## Material provided
■ ■ ■ ■
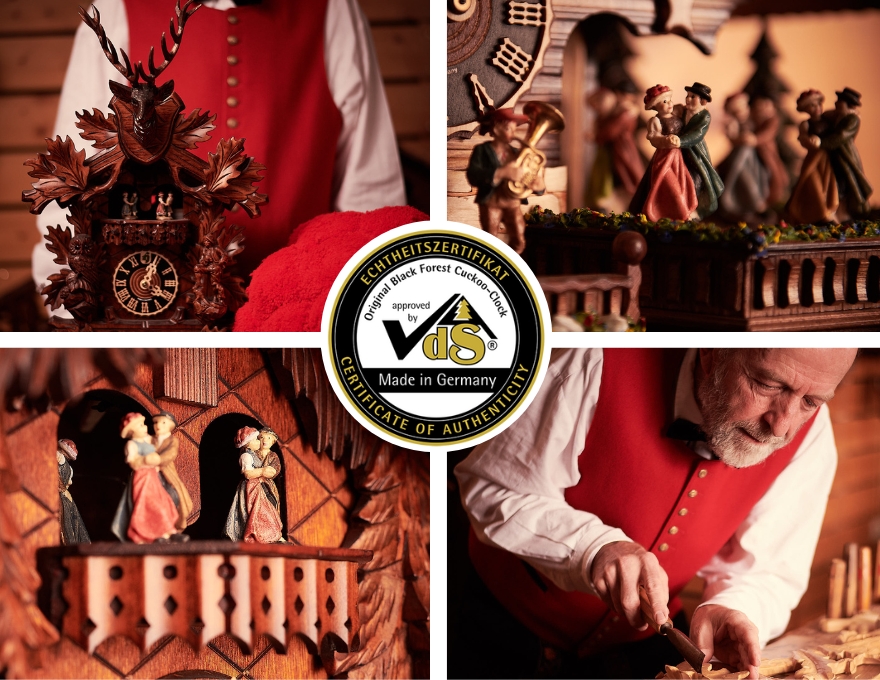 Large variety of beautiful hand-carved genuine cuckoo clocks from the Black Forest (membership in the "Black Forest Clock" certification Association), rust free movements with 2 years guarantee and world-wide after-sales service
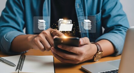 A person with a blue shirt uses a mobile phone with a rising bar graph and arrow overlay, suggesting growth or progress
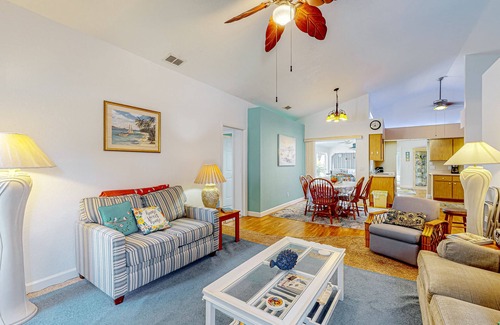The screened porch boasts scenic water views overlooking the canal and comes furnished for outdoor leisure or entertainment with features including patio seating and a Ping-Pong table. Interior shelf lighting creates an ambient atmosphere throughout the household living areas and the primary bedroom. Smart TVs let you stream all your favorite shows and movies when you're ready for some casual downtime. Home essentials include a well-appointed full kitchen, central air-conditioning, free WiFi, and a private washer/dryer.
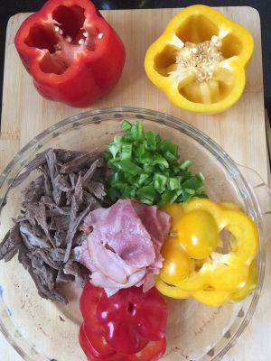 在上面放上第二层食材,红黄辣椒圈,牛柳,培根,并且撒上黑胡椒
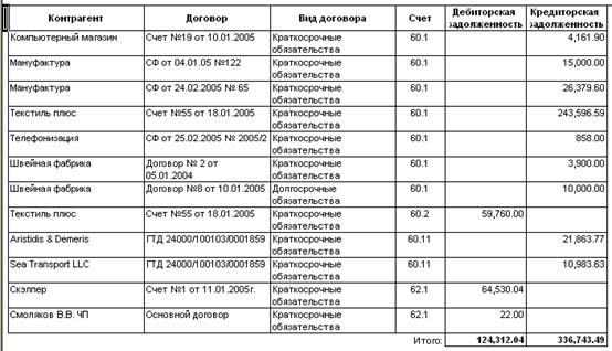 Сформируем данный отчет в произвольной форме, выбрав тип задолженности – «дебиторская и кредиторская» (рис. 3).
■ ■ ■ ■
## Instructions for the task
Retyping is limited to the line with "在上面放上第二层食材,红黄辣椒圈,牛柳,培根,并且撒上黑胡椒" and the lines after it in the material above; give them exactly and leave out the pictures.

## The answer
 在上面放上第二层食材,红黄辣椒圈,牛柳,培根,并且撒上黑胡椒
 Сформируем данный отчет в произвольной форме, выбрав тип задолженности – «дебиторская и кредиторская» (рис. 3).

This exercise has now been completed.